Apart from the pictures, the listing is to be returned exactly.

# # # # # # #

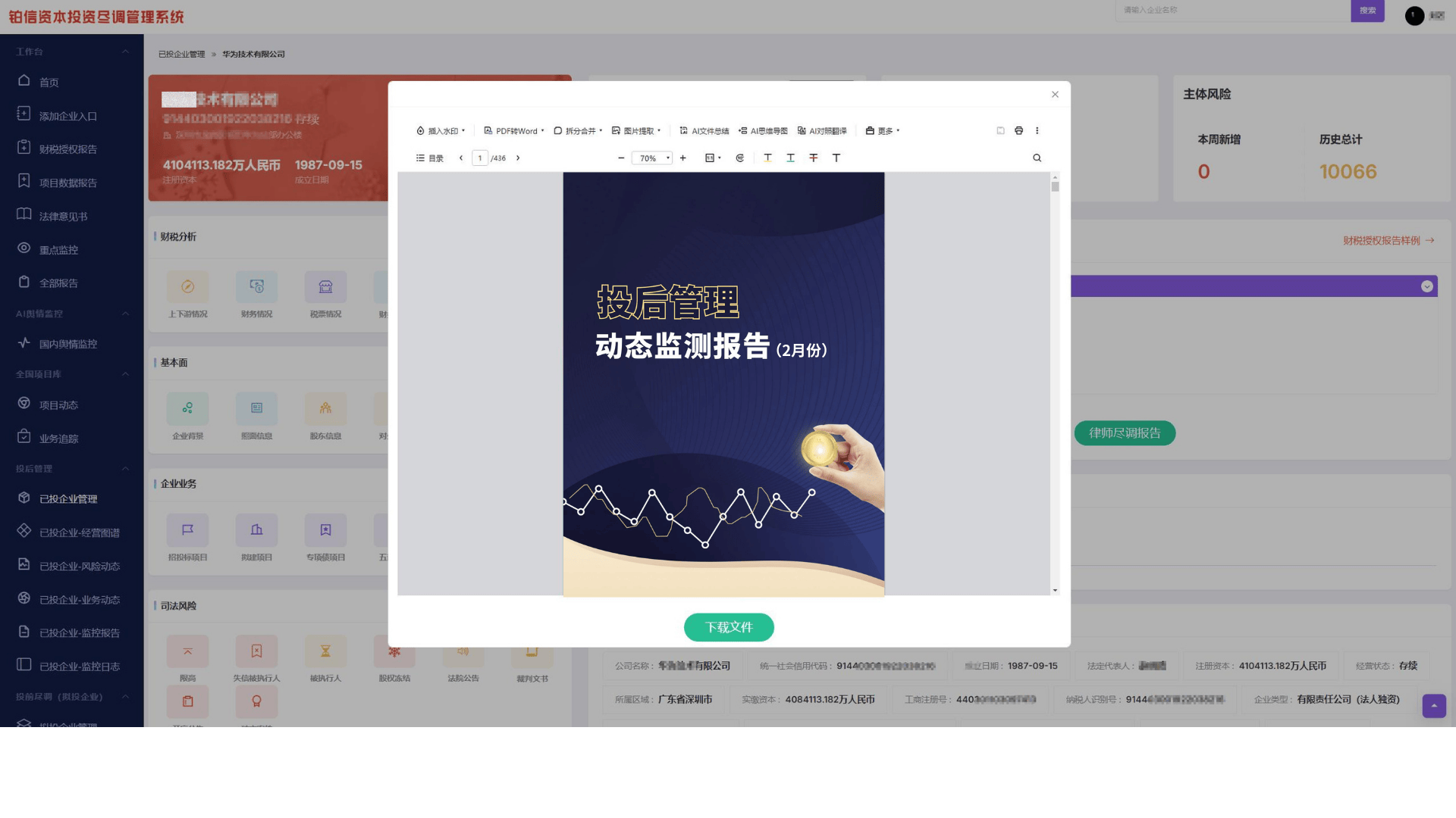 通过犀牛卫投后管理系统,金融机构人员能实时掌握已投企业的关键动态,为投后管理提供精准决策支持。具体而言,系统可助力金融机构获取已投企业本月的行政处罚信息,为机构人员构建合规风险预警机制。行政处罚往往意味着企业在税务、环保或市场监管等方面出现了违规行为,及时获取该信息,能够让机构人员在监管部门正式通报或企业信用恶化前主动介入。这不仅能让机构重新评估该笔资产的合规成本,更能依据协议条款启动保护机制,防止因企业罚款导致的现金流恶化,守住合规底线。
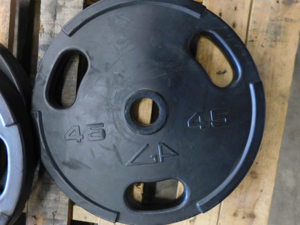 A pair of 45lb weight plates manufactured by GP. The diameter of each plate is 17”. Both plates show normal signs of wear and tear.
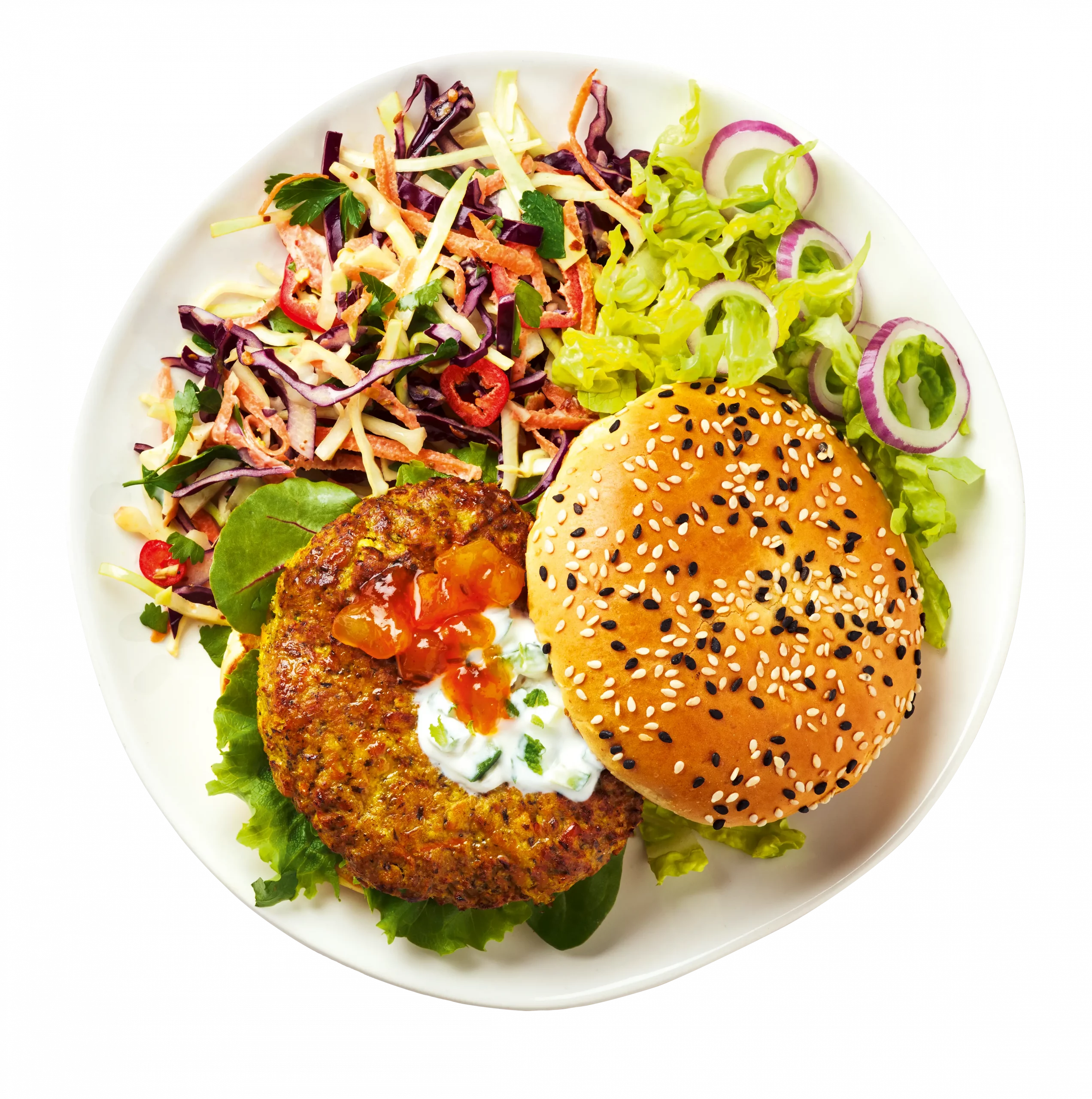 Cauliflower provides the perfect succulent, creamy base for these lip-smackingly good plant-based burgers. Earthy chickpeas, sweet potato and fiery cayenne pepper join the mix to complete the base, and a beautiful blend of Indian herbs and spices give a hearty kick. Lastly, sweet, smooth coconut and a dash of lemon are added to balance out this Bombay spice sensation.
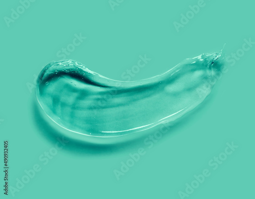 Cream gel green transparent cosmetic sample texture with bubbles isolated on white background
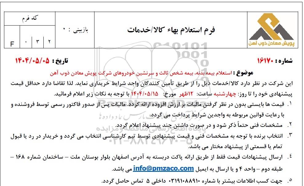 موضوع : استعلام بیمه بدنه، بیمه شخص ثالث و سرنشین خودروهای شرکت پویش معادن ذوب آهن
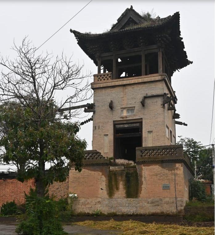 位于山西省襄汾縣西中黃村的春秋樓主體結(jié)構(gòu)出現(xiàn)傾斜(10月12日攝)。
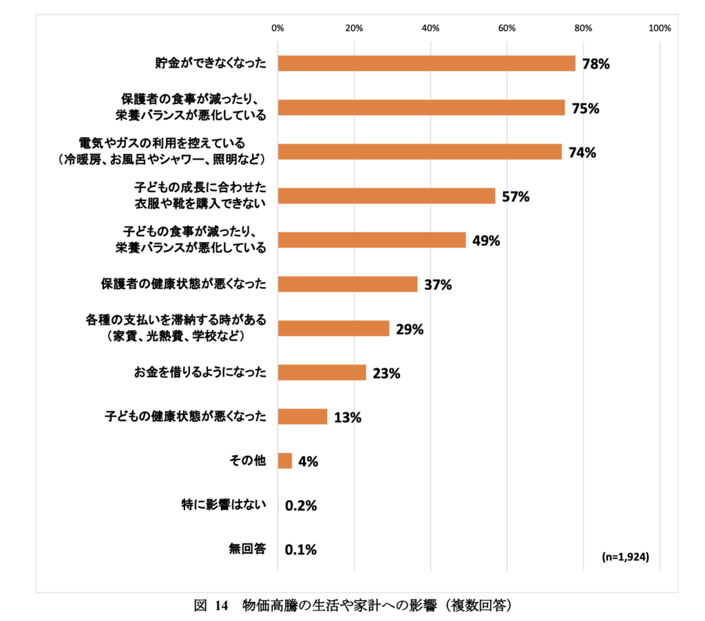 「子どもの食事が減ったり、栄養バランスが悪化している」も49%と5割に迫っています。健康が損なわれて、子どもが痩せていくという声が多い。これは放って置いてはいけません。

# # # # # # #

▶ [RESPONSE TO THE EXERCISE]
 通过犀牛卫投后管理系统,金融机构人员能实时掌握已投企业的关键动态,为投后管理提供精准决策支持。具体而言,系统可助力金融机构获取已投企业本月的行政处罚信息,为机构人员构建合规风险预警机制。行政处罚往往意味着企业在税务、环保或市场监管等方面出现了违规行为,及时获取该信息,能够让机构人员在监管部门正式通报或企业信用恶化前主动介入。这不仅能让机构重新评估该笔资产的合规成本,更能依据协议条款启动保护机制,防止因企业罚款导致的现金流恶化,守住合规底线。
 A pair of 45lb weight plates manufactured by GP. The diameter of each plate is 17”. Both plates show normal signs of wear and tear.
 Cauliflower provides the perfect succulent, creamy base for these lip-smackingly good plant-based burgers. Earthy chickpeas, sweet potato and fiery cayenne pepper join the mix to complete the base, and a beautiful blend of Indian herbs and spices give a hearty kick. Lastly, sweet, smooth coconut and a dash of lemon are added to balance out this Bombay spice sensation.
 Cream gel green transparent cosmetic sample texture with bubbles isolated on white background
 موضوع : استعلام بیمه بدنه، بیمه شخص ثالث و سرنشین خودروهای شرکت پویش معادن ذوب آهن
 位于山西省襄汾縣西中黃村的春秋樓主體結(jié)構(gòu)出現(xiàn)傾斜(10月12日攝)。
 「子どもの食事が減ったり、栄養バランスが悪化している」も49%と5割に迫っています。健康が損なわれて、子どもが痩せていくという声が多い。これは放って置いてはいけません。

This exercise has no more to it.